Three days of advent calendarism leave us feeling like it’s time for a change of pace. Could that change lie behind the third door of our incredible seasonal advent calendar? All signs points point to yes, so ready your mouse, and prepare the click-drag selection-box of victory as we ride upon the hand of the one true leader of the Autobots, to discover…
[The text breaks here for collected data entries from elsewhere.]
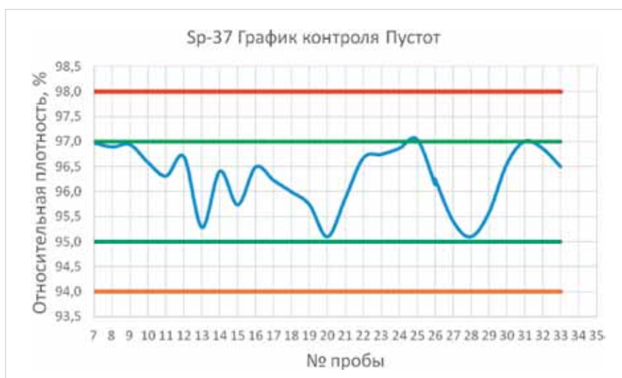
Рис. 5. Пример графика контроля содержания пустот через относительную плотность при выпуске асфальтобетонной смеси

Гиратор – это один из самых важных приборов в системе объемно-функционального проектирования. Без него не осуществить подбор состава асфальтобетона и не выполнить операционный контроль качества. В процессе уплотнения на гираторе определяется геометрическая плотность образца, которая имеет хорошую корреляцию с фактической плотностью,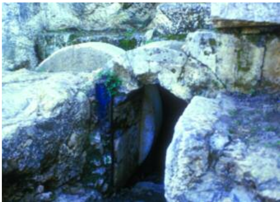
Mormântul familiei lui Irod din Ierusalim. Intrarea a fost închisă cu o piatră similară cu piatra de la mormântul lui Isus.

sugerează că Isus avea un trup fizic, dar în același timp nu Se conforma trupului fizic cunoscut de noi.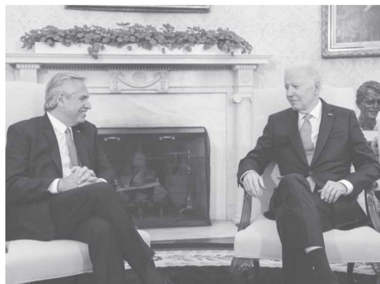
Apoyo. A regular la venta de armas, entre otros temas. - DIB -

“Vemos el grave problema que la invasión rusa ha ocasionado a Ucrania y ha generado un daño inconmensurable a la economía mundial”, expresó Fernández desde el Salón Oval. Además, sostuvo que con Biden tienen una “preocupación común” por el cambio climático y señaló que Argentina “está padeciendo la peor sequía desde 1929”. El mandatario planteó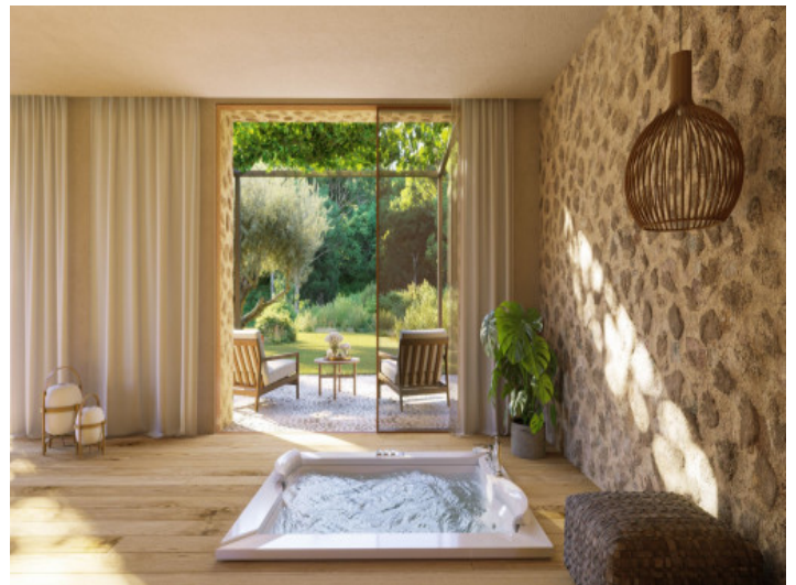
Whirlpool im Schlafzimmer

Jim: The slow creep of real-time strategy into different blends of genre ideas is pleasing to see. The most quintessential of PC games seems to keen to reinvent itself, and that’s largely a good thing. Lots of people, however, felt that Relic were a bit too keen with Dawn Of War 2, and that the single player campaign lost something with its move away from more traditional and established base-building. It was interesting to watch the reaction to Dawn Of War II when it finally hit, because almost everyone felt it was an enjoyable game – a good effort – even if it somehow failed to capture what had been most enjoyable about the processes of the original game. What I think it did capture was the silly energy and bombast of the Warhammer 40k characters. Everyone in that universe is an absurdly overwrought creature, even the good guys, and the fighting is suitable vicious as a consequence. Taking on the orc warbosses, or seeing almost anything assaulted by the Space Marine Dreadnought was a joy. If Relic have mastered one thing then it’s bringing to life Games Workshop’s gothic war-machines so that they are awesome to watch.
Ultimately, I think I got the most enjoyment out of this multiplayer. Perhaps because it was closer to the original game, but more likely because the format was simply more interesting when you go up against unpredictable human opponents. Also: Whoooosh-bam!
Kieron: Yeah – as Jim notes, this is an odd one. You’re conflicted between seeing a developer take such a big risk a franchise and mild bewilderment. Can you remember a time when a single player and a multiplayer version of a game were as radically divergent as this? It’s more common in the world of First-person shooters, but to see two fundamentally different games being sold as one is a bit of a shock in the world of strategy games. Sort of traditional strategy doctrine basically takes the multiplayer as the pure game, with the single player being a riff off that. As in, chess is the “real” game – chess with AI simulating an opponent is a derivation.
But not Dawn of War 2. Single player is a sort of Squad-based Diablo… or more likely, Icewind Dale stripped of anything but the dungeons. Oddly, the game that most reminds me of Dawn of War 2 is actually Dragon Age. Mostly-real-time close-co-operation combat games. The sections where the NPCs decide to stop with the sexual tension between Morrigan and Alistair – I MEAN, JUST DO IT ALREADY – share a lot with Dawn of War 2’s single player. Hell, DoW2 could do with a bit more sexual tension I think. Upping the homoeroticism never did Gears of War any harm, after all.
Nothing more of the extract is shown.